Josilete Guimarães dos Santos, de 55 anos, sabe disso. Com 43 anos, o mundo que ela estava acostumada a ver sumiu. “Eu desenvolvi diabetes e um belo dia, tudo escureceu. Fui para o interruptor para acender a luz, mas nada mudou. Meus pais ficaram cegos por conta do diabetes, mas eu não imaginei que isso pudesse acontecer comigo. Mas aconteceu”, conta.

A cegueira que no início foi difícil de aceitar, hoje, Josilete tira de letra. O foco, agora, é ler. Mas para isso, ela ainda teve que se adaptar à diminuição da sensibilidade nos dedos, provocada pela doença. Para isso, mais uma vez a professora Sandra ajudou. Ela adaptou um papel especial que aumenta o relevo e facilita Josilete sentir os pontinhos.

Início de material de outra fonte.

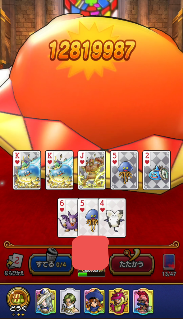 ライアン・アリーナ・ミネア・セラフィでQKフルハウスメタル3枚でこれくらい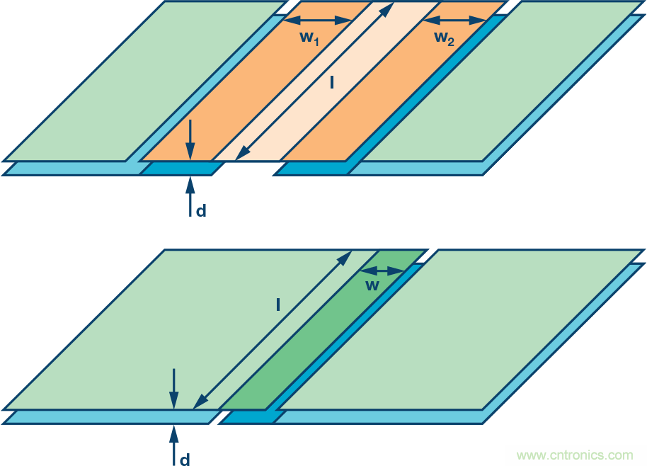 ε為PCB絕緣材料的介電常數(shù),F(xiàn)R4材料為4 × 10–1 1 F/m。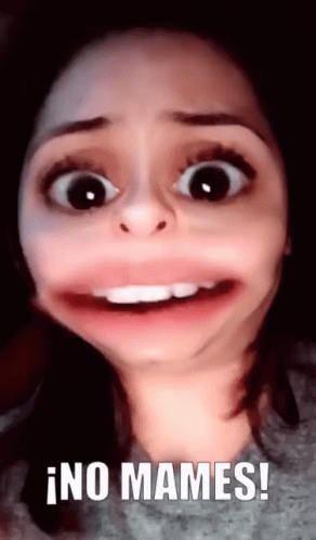 A woman makes a hilarious exaggerated face with the text '¡NO MAMES!' displayed, expressing disbelief.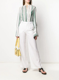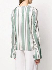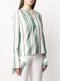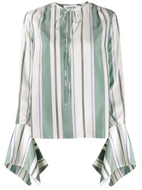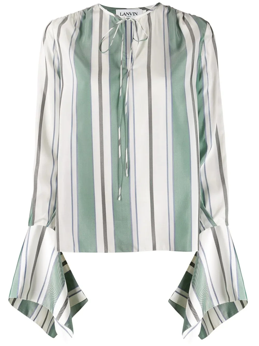 awning stripe blouse With history on its side, Lanvin looks to the courtiers of Paris for inspiration in this statement sleeve silk awning stripe blouse. A heritage silhouette with a modern focus, avoid cuff-dunking embarrassment and stay away from soup dishes - just in case. Featuring a round neck, a tie fastening, vertical stripes, long sleeves and slit cuffs. Imported Composition Silk 100%, Mother of Pearl 100% SIZE & FIT Model measurements Height 5 ft 10 in(1.78 m) Bust/Chest 34.25 in(87 cm) Hips 35.03 in(89 cm) Waist 26.37 in(67 cm) FittingInformation This piece fits true to size. We recommend you get your regular size Cut for a loose fit Made with a lightweight non-stretch fabric Washing instructions Dry Clean Only

“Eu já estou conseguindo ler algumas coisas. Aqui, por exemplo, está escrito: ‘Leia as palavras’. E é uma felicidade tão grande quando leio”, admite sem conter um sorriso orgulhoso. Ela garante que aprender a ler lhe trará mais independência e mostra que ainda há muito o que viver. “Meu sonho é ler livros”.

Edileusa Pereira, de 60 anos, por problemas de diabetes e glaucoma, enxerga apenas vultos. Há dois anos no Lar das Moças Cegas, brinca que dá trabalho para a professora, mas sabe que só a decisão de aprender Braille já é a demonstração de um passo. Largo, diga-se de passagem.

“Não enxergar, para mim, foi um choque. Eu caí muito. Mas agora estou superando. Quero muito passar minha mão no papel e conseguir saber o que está escrito. Espero que isso me dê mais independência”, revela.